WHAT IS NEEDED: Exact copy, pictures excluded: the lines from the one containing "President Jacob Zuma" to the end of the listing.

INFORMATION PROVIDED:

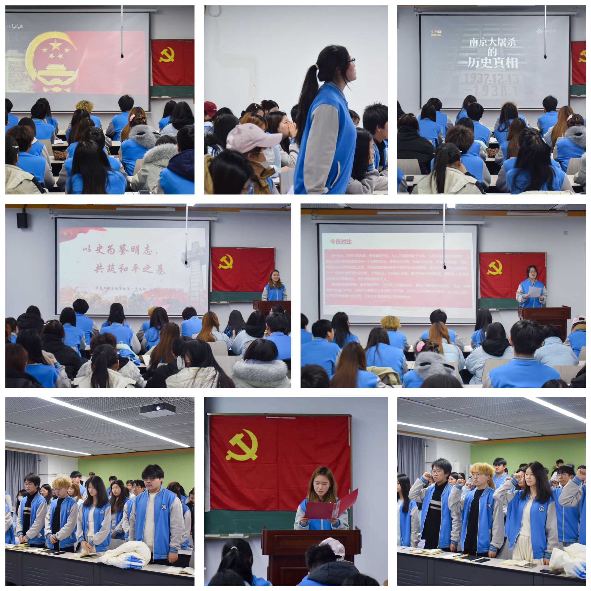 为感悟家国情怀,弘扬伟大抗战精神,引导青年党员在历史回望中汲取前行力量,12月11日,信息工程学院学生第一党支部在崇理E103开展了“以史为鉴明志,共筑和平之基”主题党日活动。党员、发展对象、积极分子100余人参加了本次活动。
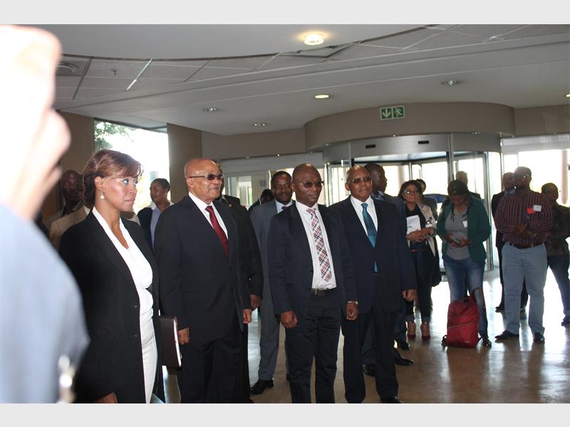 President Jacob Zuma receives a warm welcome at Eskom offices in Sunninghill.
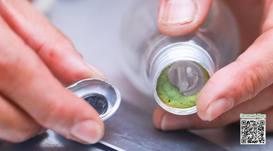 1. С помощью ножниц отрежьте верхнюю часть бутылки, включая горлышко и ту часть, на которую навинчивается крышка. Уберите излишки пластмассы; вам нужно оставить только 2-3 см от резьбы.

OUTPUT:
 President Jacob Zuma receives a warm welcome at Eskom offices in Sunninghill.
 1. С помощью ножниц отрежьте верхнюю часть бутылки, включая горлышко и ту часть, на которую навинчивается крышка. Уберите излишки пластмассы; вам нужно оставить только 2-3 см от резьбы.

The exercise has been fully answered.